-- Dataset entries follows --

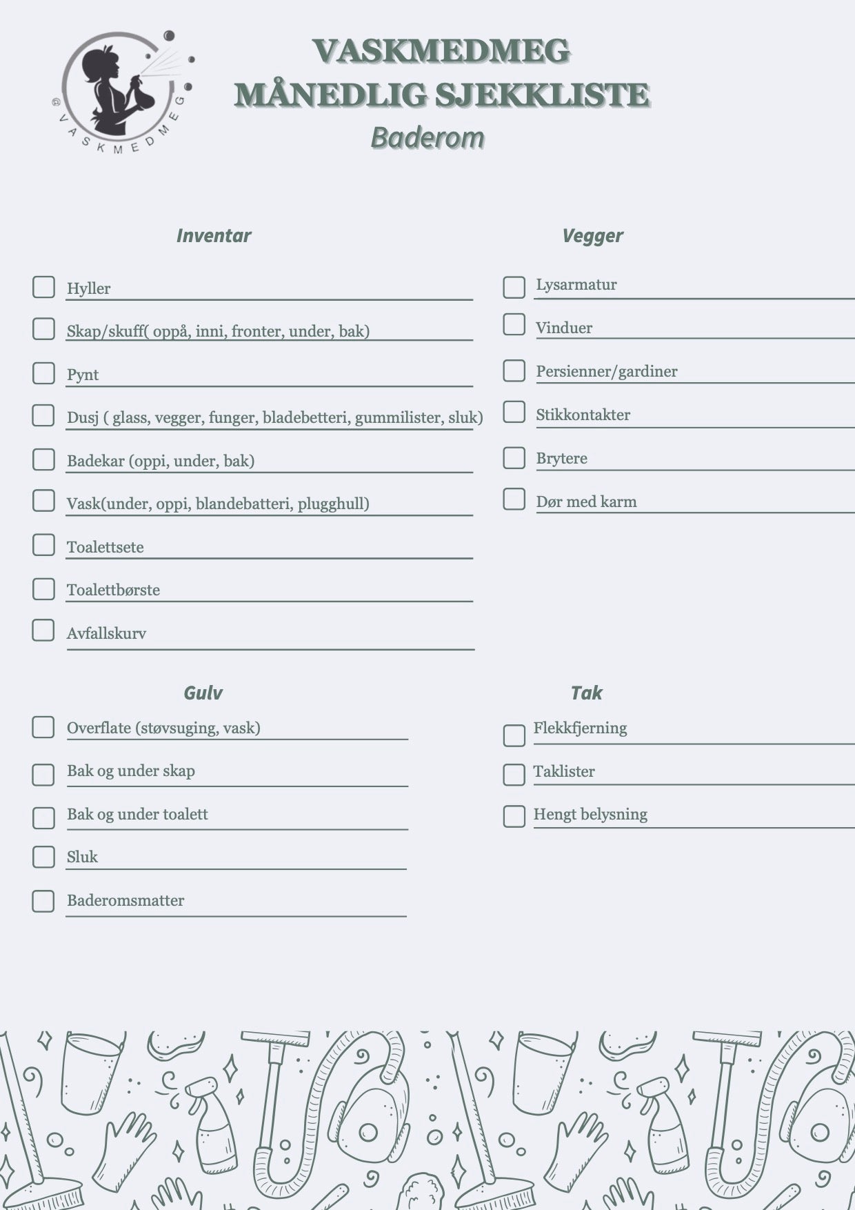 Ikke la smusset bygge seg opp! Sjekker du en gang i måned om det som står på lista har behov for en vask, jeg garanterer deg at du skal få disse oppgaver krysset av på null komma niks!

-- Dataset entries concluded --
-- Dataset entries follows --

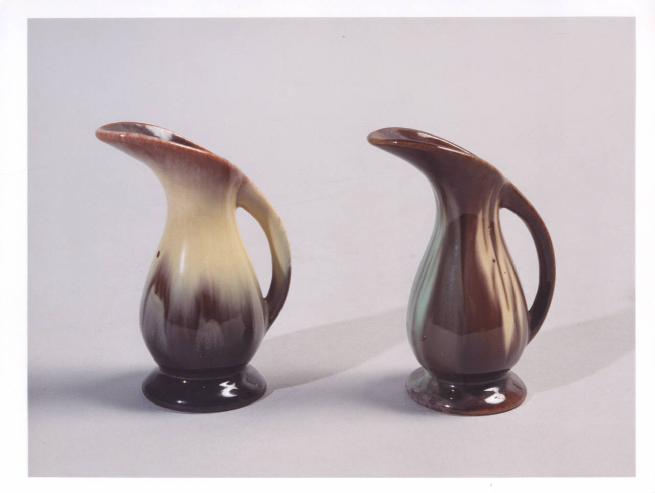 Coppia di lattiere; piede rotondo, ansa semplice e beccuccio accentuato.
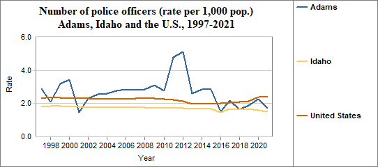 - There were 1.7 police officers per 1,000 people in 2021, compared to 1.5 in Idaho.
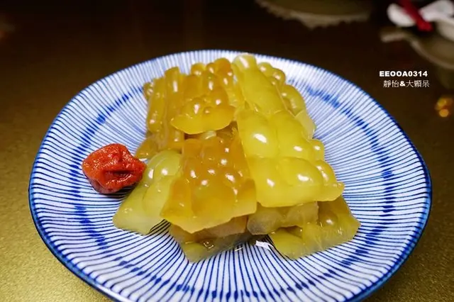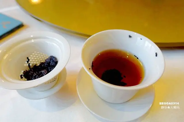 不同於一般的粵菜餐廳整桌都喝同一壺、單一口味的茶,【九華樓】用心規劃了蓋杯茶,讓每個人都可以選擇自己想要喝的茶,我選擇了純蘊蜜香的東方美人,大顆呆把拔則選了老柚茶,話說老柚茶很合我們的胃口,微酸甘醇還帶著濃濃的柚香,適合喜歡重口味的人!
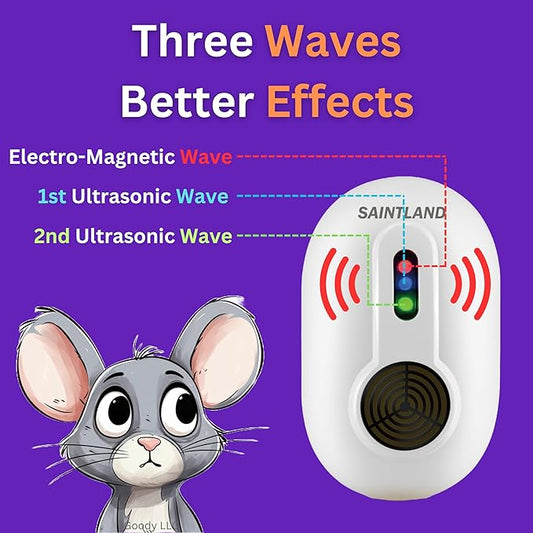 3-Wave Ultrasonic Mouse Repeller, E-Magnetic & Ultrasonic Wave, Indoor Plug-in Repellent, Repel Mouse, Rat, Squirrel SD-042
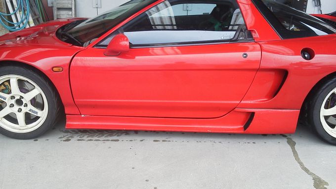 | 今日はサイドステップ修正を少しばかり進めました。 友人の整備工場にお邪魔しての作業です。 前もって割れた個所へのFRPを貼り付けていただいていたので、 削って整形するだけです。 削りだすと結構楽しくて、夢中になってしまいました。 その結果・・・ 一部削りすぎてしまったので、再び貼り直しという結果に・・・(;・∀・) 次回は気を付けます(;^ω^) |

-- Dataset entries concluded --

Action item
From the entries above, copy exactly the lines starting at the one with "- There were" and stopping at the one with "一部削りすぎてしまったので、再び貼り直しという結果に・・・(;・∀・) 次回は気を付けます(;^ω^) |", keeping both ends. Drop the pictures.

Solution for this exercise
 - There were 1.7 police officers per 1,000 people in 2021, compared to 1.5 in Idaho.
 不同於一般的粵菜餐廳整桌都喝同一壺、單一口味的茶,【九華樓】用心規劃了蓋杯茶,讓每個人都可以選擇自己想要喝的茶,我選擇了純蘊蜜香的東方美人,大顆呆把拔則選了老柚茶,話說老柚茶很合我們的胃口,微酸甘醇還帶著濃濃的柚香,適合喜歡重口味的人!
 3-Wave Ultrasonic Mouse Repeller, E-Magnetic & Ultrasonic Wave, Indoor Plug-in Repellent, Repel Mouse, Rat, Squirrel SD-042
 | 今日はサイドステップ修正を少しばかり進めました。 友人の整備工場にお邪魔しての作業です。 前もって割れた個所へのFRPを貼り付けていただいていたので、 削って整形するだけです。 削りだすと結構楽しくて、夢中になってしまいました。 その結果・・・ 一部削りすぎてしまったので、再び貼り直しという結果に・・・(;・∀・) 次回は気を付けます(;^ω^) |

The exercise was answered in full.